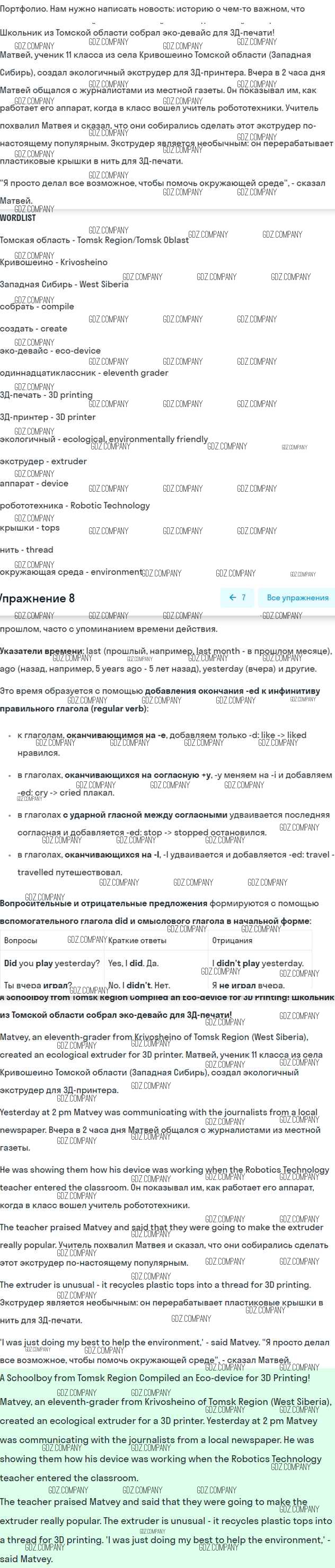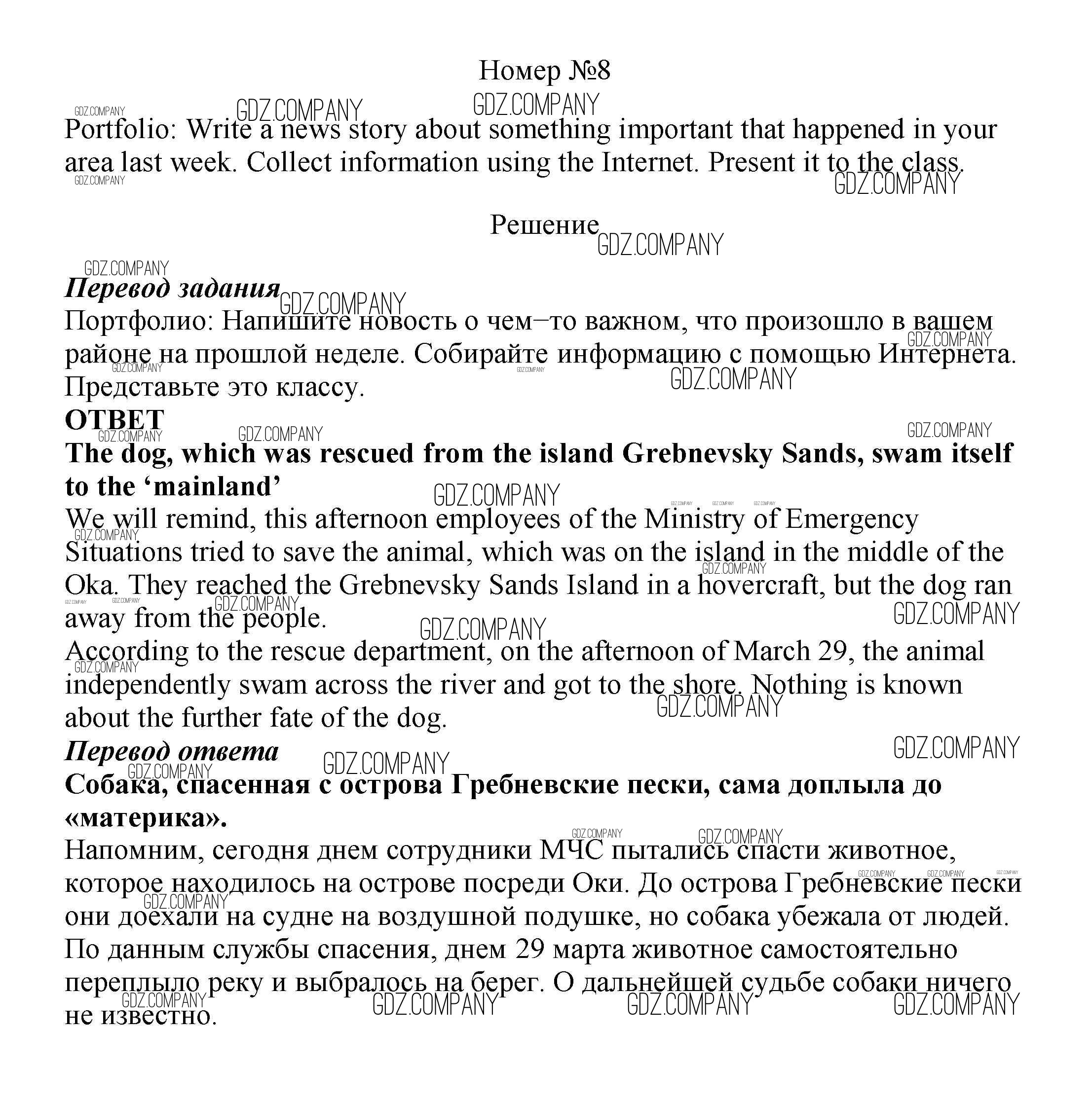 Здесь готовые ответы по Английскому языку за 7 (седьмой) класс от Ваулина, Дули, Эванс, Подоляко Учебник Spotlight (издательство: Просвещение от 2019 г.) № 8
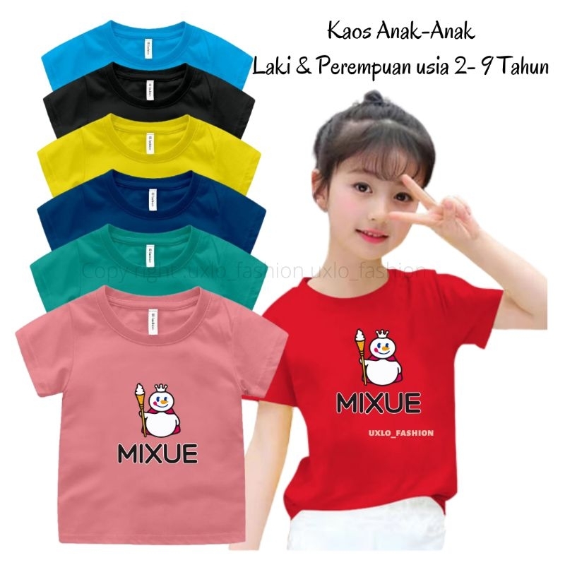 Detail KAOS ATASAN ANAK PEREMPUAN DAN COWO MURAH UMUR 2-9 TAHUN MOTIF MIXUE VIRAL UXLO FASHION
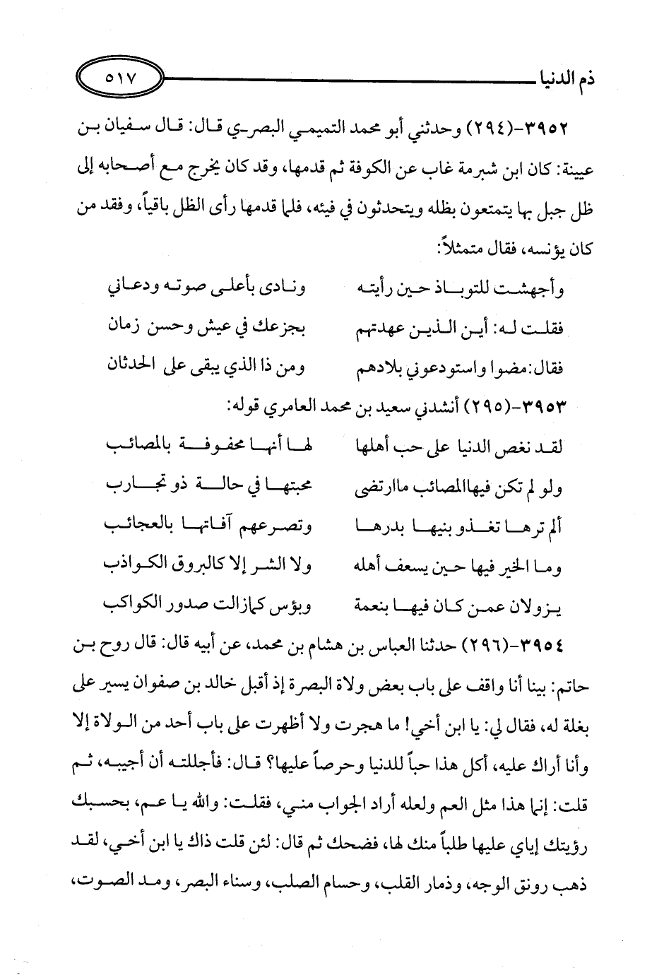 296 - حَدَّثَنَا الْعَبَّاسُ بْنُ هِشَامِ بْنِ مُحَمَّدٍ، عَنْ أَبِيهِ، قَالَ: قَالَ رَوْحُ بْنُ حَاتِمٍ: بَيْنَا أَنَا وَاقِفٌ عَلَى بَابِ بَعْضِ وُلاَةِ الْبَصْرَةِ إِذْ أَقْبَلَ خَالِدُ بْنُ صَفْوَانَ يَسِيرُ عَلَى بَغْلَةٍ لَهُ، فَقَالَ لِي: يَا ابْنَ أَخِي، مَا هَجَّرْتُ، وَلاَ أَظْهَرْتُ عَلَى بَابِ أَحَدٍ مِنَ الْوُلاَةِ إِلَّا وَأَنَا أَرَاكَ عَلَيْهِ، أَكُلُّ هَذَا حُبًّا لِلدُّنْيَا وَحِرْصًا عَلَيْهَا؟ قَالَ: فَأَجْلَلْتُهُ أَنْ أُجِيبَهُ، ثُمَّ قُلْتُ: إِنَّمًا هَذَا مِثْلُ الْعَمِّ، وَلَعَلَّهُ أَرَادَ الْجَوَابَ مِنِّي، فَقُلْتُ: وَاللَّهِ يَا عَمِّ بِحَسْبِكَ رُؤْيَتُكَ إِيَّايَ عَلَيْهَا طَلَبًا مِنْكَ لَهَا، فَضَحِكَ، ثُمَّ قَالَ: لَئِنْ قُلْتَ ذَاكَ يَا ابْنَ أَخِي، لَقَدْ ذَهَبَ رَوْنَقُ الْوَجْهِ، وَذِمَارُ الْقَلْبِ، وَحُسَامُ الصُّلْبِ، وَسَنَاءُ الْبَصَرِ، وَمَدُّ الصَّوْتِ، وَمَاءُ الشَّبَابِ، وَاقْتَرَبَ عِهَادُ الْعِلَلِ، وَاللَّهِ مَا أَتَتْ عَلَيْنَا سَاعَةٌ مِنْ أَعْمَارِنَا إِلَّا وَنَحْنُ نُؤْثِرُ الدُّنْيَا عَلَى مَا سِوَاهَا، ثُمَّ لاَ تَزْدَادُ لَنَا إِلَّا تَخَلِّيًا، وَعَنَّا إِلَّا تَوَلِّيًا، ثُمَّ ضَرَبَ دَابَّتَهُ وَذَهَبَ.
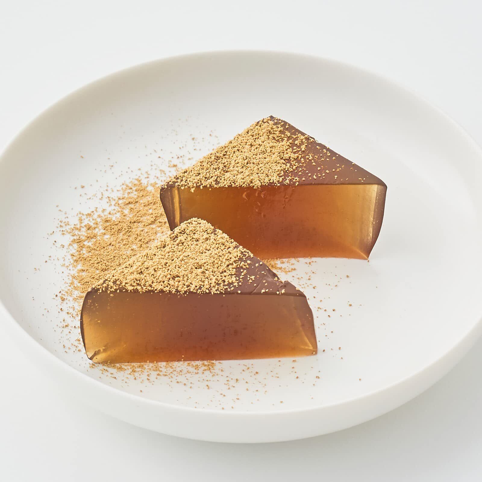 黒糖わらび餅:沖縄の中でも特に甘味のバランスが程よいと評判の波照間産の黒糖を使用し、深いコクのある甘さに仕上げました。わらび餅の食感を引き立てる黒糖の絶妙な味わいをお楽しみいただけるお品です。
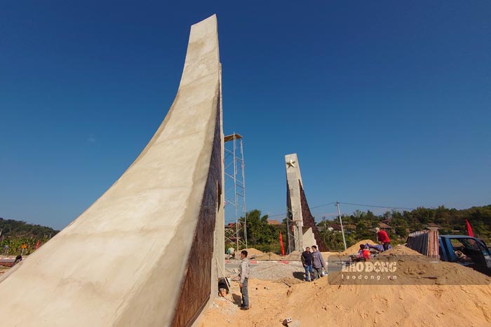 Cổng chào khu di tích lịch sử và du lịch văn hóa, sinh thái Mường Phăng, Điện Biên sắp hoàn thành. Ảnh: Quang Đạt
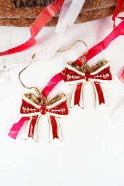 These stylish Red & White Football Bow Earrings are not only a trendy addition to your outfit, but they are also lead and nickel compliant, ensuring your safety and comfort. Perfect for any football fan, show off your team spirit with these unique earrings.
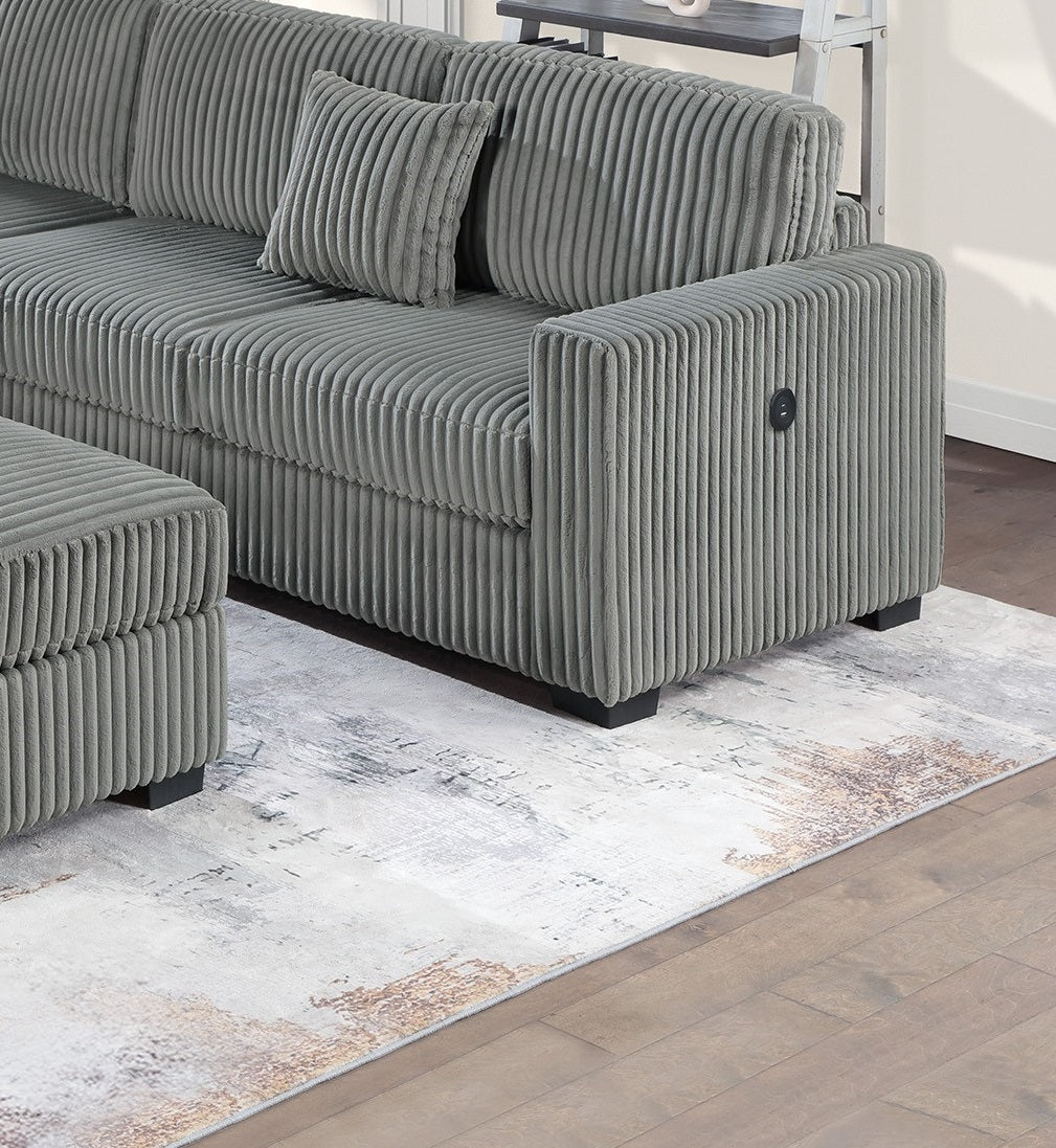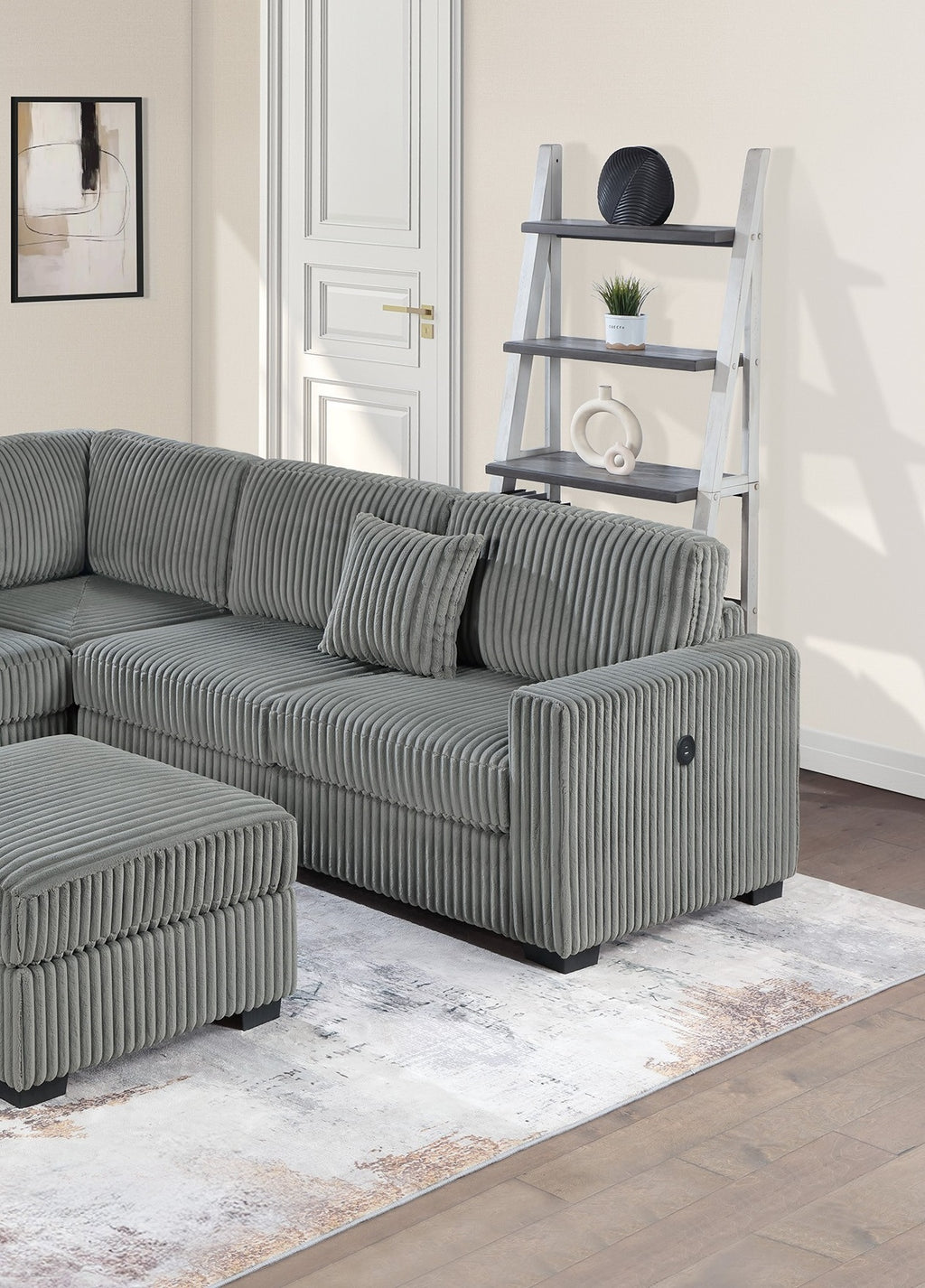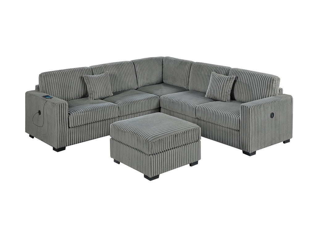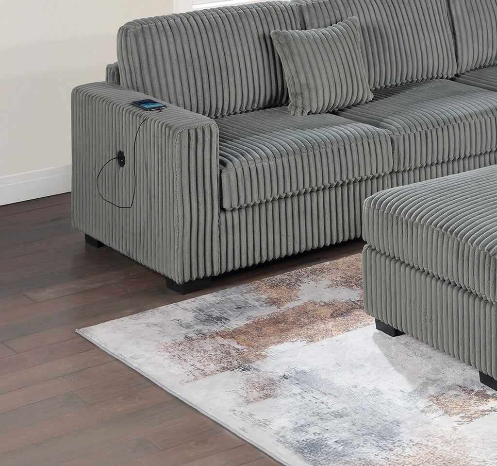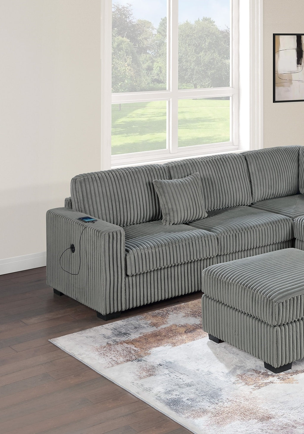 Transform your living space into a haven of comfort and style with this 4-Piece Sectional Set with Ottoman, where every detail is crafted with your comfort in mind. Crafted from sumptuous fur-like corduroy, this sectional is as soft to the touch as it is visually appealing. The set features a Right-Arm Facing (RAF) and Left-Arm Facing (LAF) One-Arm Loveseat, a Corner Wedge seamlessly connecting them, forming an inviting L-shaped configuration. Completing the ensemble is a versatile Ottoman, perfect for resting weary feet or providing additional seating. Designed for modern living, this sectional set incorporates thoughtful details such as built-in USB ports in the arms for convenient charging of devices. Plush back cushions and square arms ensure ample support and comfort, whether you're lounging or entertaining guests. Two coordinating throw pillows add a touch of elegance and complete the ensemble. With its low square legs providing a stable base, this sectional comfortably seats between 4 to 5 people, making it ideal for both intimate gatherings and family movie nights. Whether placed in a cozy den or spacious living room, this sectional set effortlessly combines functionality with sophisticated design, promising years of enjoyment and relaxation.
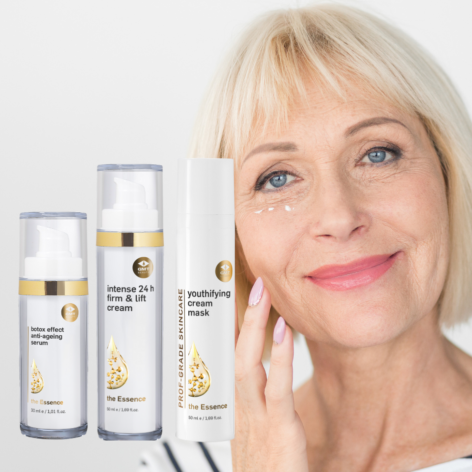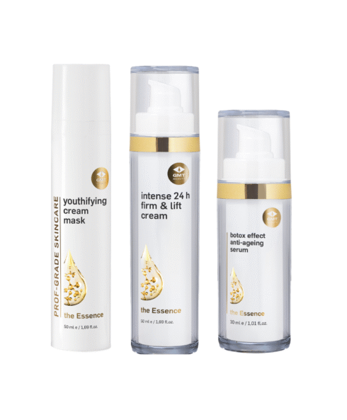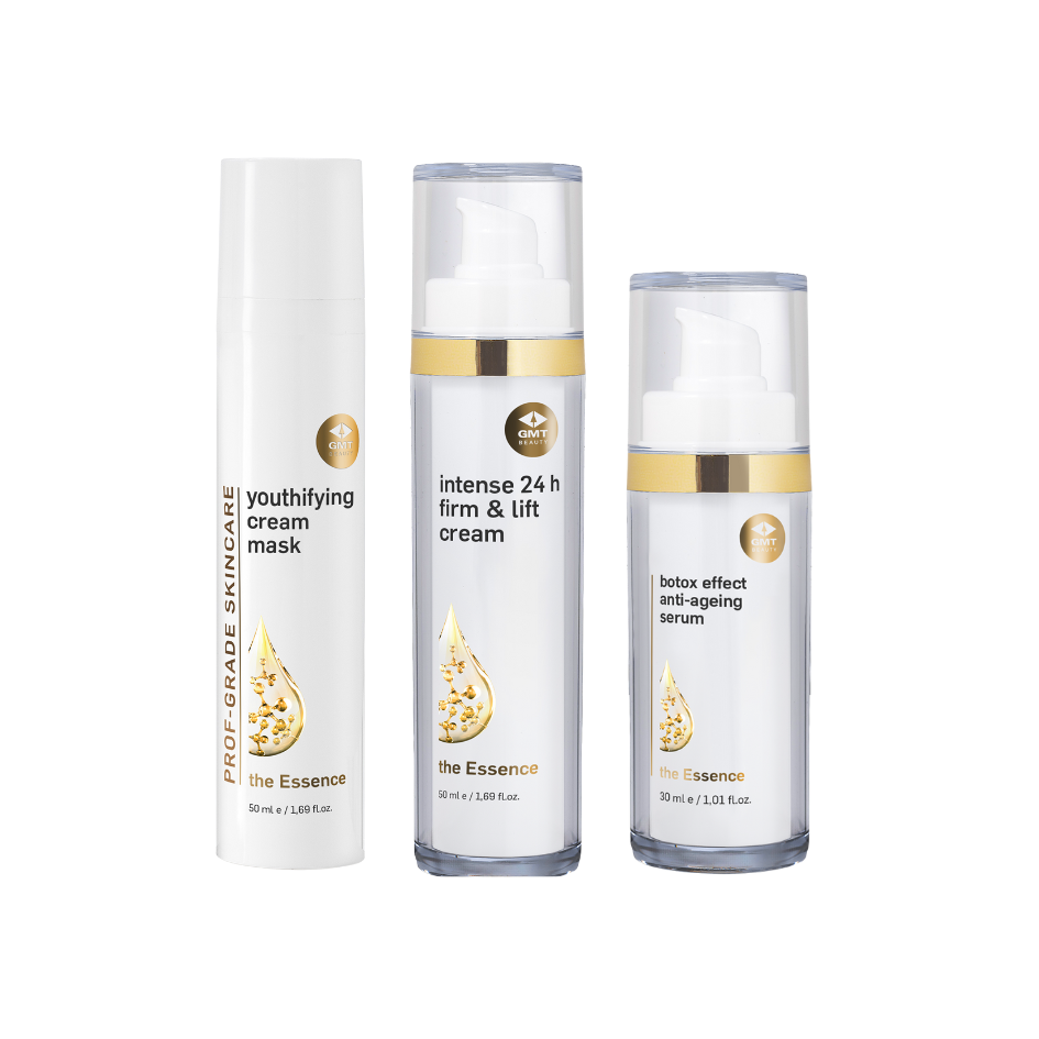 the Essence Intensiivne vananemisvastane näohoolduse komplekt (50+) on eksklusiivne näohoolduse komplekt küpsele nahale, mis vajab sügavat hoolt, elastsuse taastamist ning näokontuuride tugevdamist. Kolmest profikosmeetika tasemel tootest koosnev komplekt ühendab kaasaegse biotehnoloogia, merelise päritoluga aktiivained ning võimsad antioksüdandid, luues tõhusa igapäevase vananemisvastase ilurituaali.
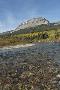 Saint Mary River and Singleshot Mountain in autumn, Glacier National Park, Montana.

WHAT TO WORK ON.
The answer consists of the records repeated exactly, without any images.

REPLY.
 Здесь готовые ответы по Английскому языку за 7 (седьмой) класс от Ваулина, Дули, Эванс, Подоляко Учебник Spotlight (издательство: Просвещение от 2019 г.) № 8
 Detail KAOS ATASAN ANAK PEREMPUAN DAN COWO MURAH UMUR 2-9 TAHUN MOTIF MIXUE VIRAL UXLO FASHION
 296 - حَدَّثَنَا الْعَبَّاسُ بْنُ هِشَامِ بْنِ مُحَمَّدٍ، عَنْ أَبِيهِ، قَالَ: قَالَ رَوْحُ بْنُ حَاتِمٍ: بَيْنَا أَنَا وَاقِفٌ عَلَى بَابِ بَعْضِ وُلاَةِ الْبَصْرَةِ إِذْ أَقْبَلَ خَالِدُ بْنُ صَفْوَانَ يَسِيرُ عَلَى بَغْلَةٍ لَهُ، فَقَالَ لِي: يَا ابْنَ أَخِي، مَا هَجَّرْتُ، وَلاَ أَظْهَرْتُ عَلَى بَابِ أَحَدٍ مِنَ الْوُلاَةِ إِلَّا وَأَنَا أَرَاكَ عَلَيْهِ، أَكُلُّ هَذَا حُبًّا لِلدُّنْيَا وَحِرْصًا عَلَيْهَا؟ قَالَ: فَأَجْلَلْتُهُ أَنْ أُجِيبَهُ، ثُمَّ قُلْتُ: إِنَّمًا هَذَا مِثْلُ الْعَمِّ، وَلَعَلَّهُ أَرَادَ الْجَوَابَ مِنِّي، فَقُلْتُ: وَاللَّهِ يَا عَمِّ بِحَسْبِكَ رُؤْيَتُكَ إِيَّايَ عَلَيْهَا طَلَبًا مِنْكَ لَهَا، فَضَحِكَ، ثُمَّ قَالَ: لَئِنْ قُلْتَ ذَاكَ يَا ابْنَ أَخِي، لَقَدْ ذَهَبَ رَوْنَقُ الْوَجْهِ، وَذِمَارُ الْقَلْبِ، وَحُسَامُ الصُّلْبِ، وَسَنَاءُ الْبَصَرِ، وَمَدُّ الصَّوْتِ، وَمَاءُ الشَّبَابِ، وَاقْتَرَبَ عِهَادُ الْعِلَلِ، وَاللَّهِ مَا أَتَتْ عَلَيْنَا سَاعَةٌ مِنْ أَعْمَارِنَا إِلَّا وَنَحْنُ نُؤْثِرُ الدُّنْيَا عَلَى مَا سِوَاهَا، ثُمَّ لاَ تَزْدَادُ لَنَا إِلَّا تَخَلِّيًا، وَعَنَّا إِلَّا تَوَلِّيًا، ثُمَّ ضَرَبَ دَابَّتَهُ وَذَهَبَ.
 黒糖わらび餅:沖縄の中でも特に甘味のバランスが程よいと評判の波照間産の黒糖を使用し、深いコクのある甘さに仕上げました。わらび餅の食感を引き立てる黒糖の絶妙な味わいをお楽しみいただけるお品です。
 Cổng chào khu di tích lịch sử và du lịch văn hóa, sinh thái Mường Phăng, Điện Biên sắp hoàn thành. Ảnh: Quang Đạt
 These stylish Red & White Football Bow Earrings are not only a trendy addition to your outfit, but they are also lead and nickel compliant, ensuring your safety and comfort. Perfect for any football fan, show off your team spirit with these unique earrings.
 Transform your living space into a haven of comfort and style with this 4-Piece Sectional Set with Ottoman, where every detail is crafted with your comfort in mind. Crafted from sumptuous fur-like corduroy, this sectional is as soft to the touch as it is visually appealing. The set features a Right-Arm Facing (RAF) and Left-Arm Facing (LAF) One-Arm Loveseat, a Corner Wedge seamlessly connecting them, forming an inviting L-shaped configuration. Completing the ensemble is a versatile Ottoman, perfect for resting weary feet or providing additional seating. Designed for modern living, this sectional set incorporates thoughtful details such as built-in USB ports in the arms for convenient charging of devices. Plush back cushions and square arms ensure ample support and comfort, whether you're lounging or entertaining guests. Two coordinating throw pillows add a touch of elegance and complete the ensemble. With its low square legs providing a stable base, this sectional comfortably seats between 4 to 5 people, making it ideal for both intimate gatherings and family movie nights. Whether placed in a cozy den or spacious living room, this sectional set effortlessly combines functionality with sophisticated design, promising years of enjoyment and relaxation.
 the Essence Intensiivne vananemisvastane näohoolduse komplekt (50+) on eksklusiivne näohoolduse komplekt küpsele nahale, mis vajab sügavat hoolt, elastsuse taastamist ning näokontuuride tugevdamist. Kolmest profikosmeetika tasemel tootest koosnev komplekt ühendab kaasaegse biotehnoloogia, merelise päritoluga aktiivained ning võimsad antioksüdandid, luues tõhusa igapäevase vananemisvastase ilurituaali.
 Saint Mary River and Singleshot Mountain in autumn, Glacier National Park, Montana.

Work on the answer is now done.